* **Task objective**: The part to set down runs from the first line of the data below through the line with "Elevate your evening", inclusive; write it exactly and leave out the pictures.

* **Data supplied**:

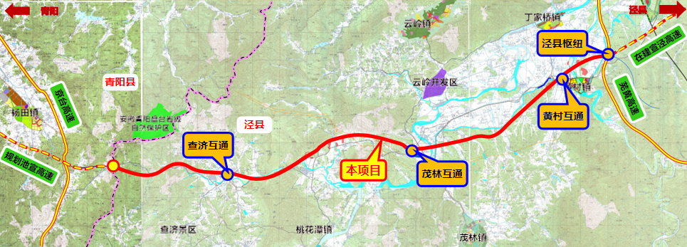 项目规模:宣城至东至高速公路泾县至青阳界段起点位于芜黄高速与在建宣泾高速交叉处,经黄村镇、沙元村、合溪村、厚岸村、进入青阳县后终于 G3 京台高速,路线全长约 43.05km,本项目实施终点位于泾县与青阳县界处,实施里程约39.24km。全线采用双向四车道高速公路标准,设计速度100km/h,路基宽度26米,沥青混凝土路面;投资估算586151.5483万元。
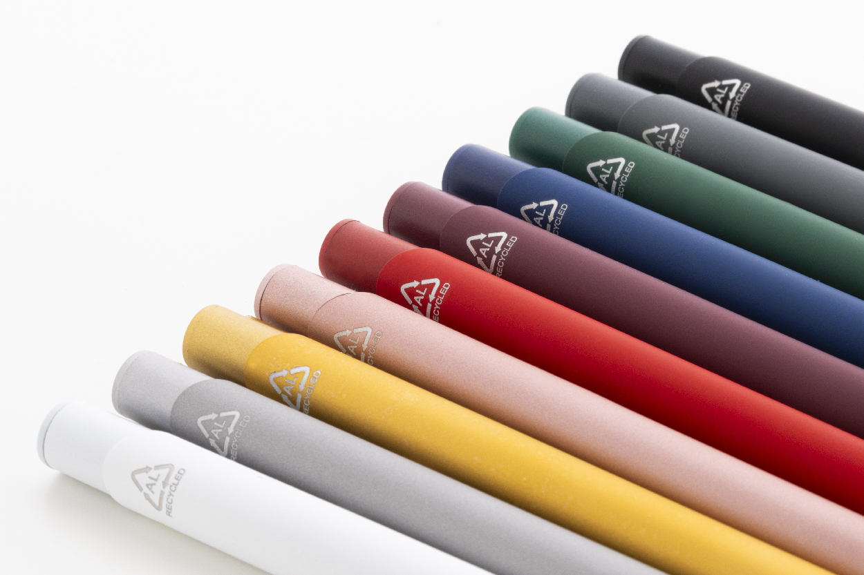 Kuličkové pero z recyklovaného hliníku s pogumovaným tělem a barevnými lesklými kovovými díly. Se speciálním povrchem pro zrcadlové gravírování, které odpovídá kovovým částem. S modrou náplní.
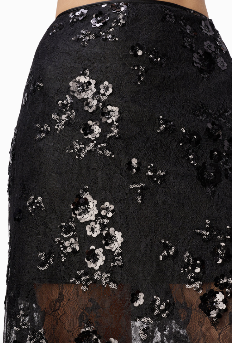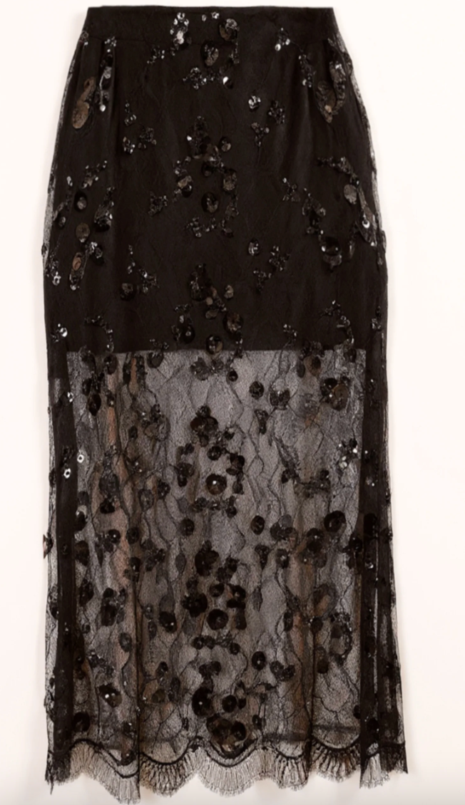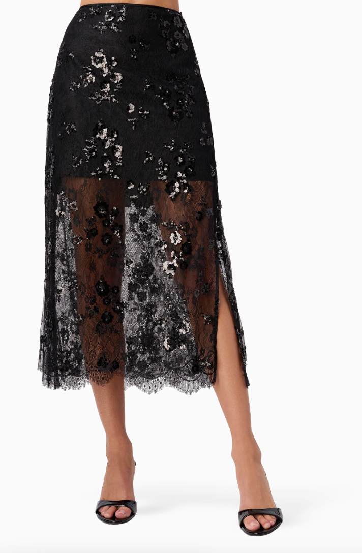 Elevate your evening repertoire with this sophisticated sequin lace midi skirt from Cami NYC. Crafted from shimmering sequin lace, the Aylin skirt delivers refined glamour with understated elegance. A practical side slit enhances movement and silhouette, while the concealed side zipper ensures a seamless, polished appearance. The mid-thigh lining provides appropriate coverage and comfort beneath the delicate lace overlay. Pair with the Catherine Cashmere Tunic or the matching Aracely Sequin Lace Top. Perfect for the holidays, date night, or special occasions where refined sparkle is warranted.
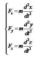 II закон Ньютона можно записать в скалярной форме, взяв проекции силы на координатные оси X, Y и Z.
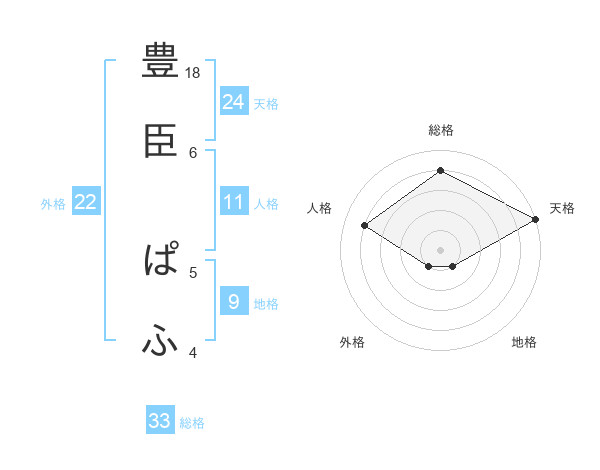 豊臣 ぱふさんを姓名の画数から五運を鑑定
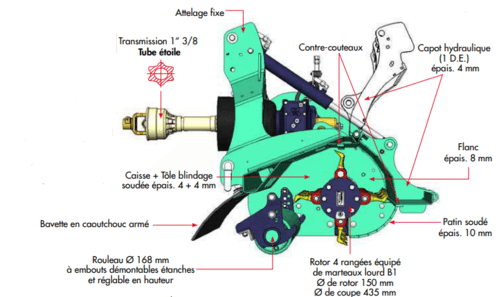 Rotor 4 rangées équipé de marteaux lourds B1.
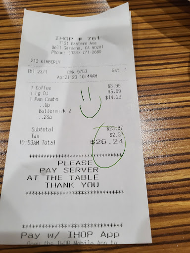 Read moreI give it 4 stars it was nice it was clean the service was good at least our waitress was good the maitre d she was kind of of snooty but because of the fact that she wouldn't let us have a high chair where we were sitting and she was really snotty about it I understand why but she could have worded it another way and she could have been nicer about it but other than that it was okay because of the person that I was having breakfast with we had a nice time and we could have a nice conversation and we didn't have to yell and we could talk to each other without having to repeat ourselves and stuff so it was really nice and I enjoyed my time with my friend so that was a plus it made it very comfortable to eat there was my first time eating in that IHOP so I just might eat there again if I'm in the area cuz it's not in my area it's out of my...

* **Solution to the problem**:
 项目规模:宣城至东至高速公路泾县至青阳界段起点位于芜黄高速与在建宣泾高速交叉处,经黄村镇、沙元村、合溪村、厚岸村、进入青阳县后终于 G3 京台高速,路线全长约 43.05km,本项目实施终点位于泾县与青阳县界处,实施里程约39.24km。全线采用双向四车道高速公路标准,设计速度100km/h,路基宽度26米,沥青混凝土路面;投资估算586151.5483万元。
 Kuličkové pero z recyklovaného hliníku s pogumovaným tělem a barevnými lesklými kovovými díly. Se speciálním povrchem pro zrcadlové gravírování, které odpovídá kovovým částem. S modrou náplní.
 Elevate your evening repertoire with this sophisticated sequin lace midi skirt from Cami NYC. Crafted from shimmering sequin lace, the Aylin skirt delivers refined glamour with understated elegance. A practical side slit enhances movement and silhouette, while the concealed side zipper ensures a seamless, polished appearance. The mid-thigh lining provides appropriate coverage and comfort beneath the delicate lace overlay. Pair with the Catherine Cashmere Tunic or the matching Aracely Sequin Lace Top. Perfect for the holidays, date night, or special occasions where refined sparkle is warranted.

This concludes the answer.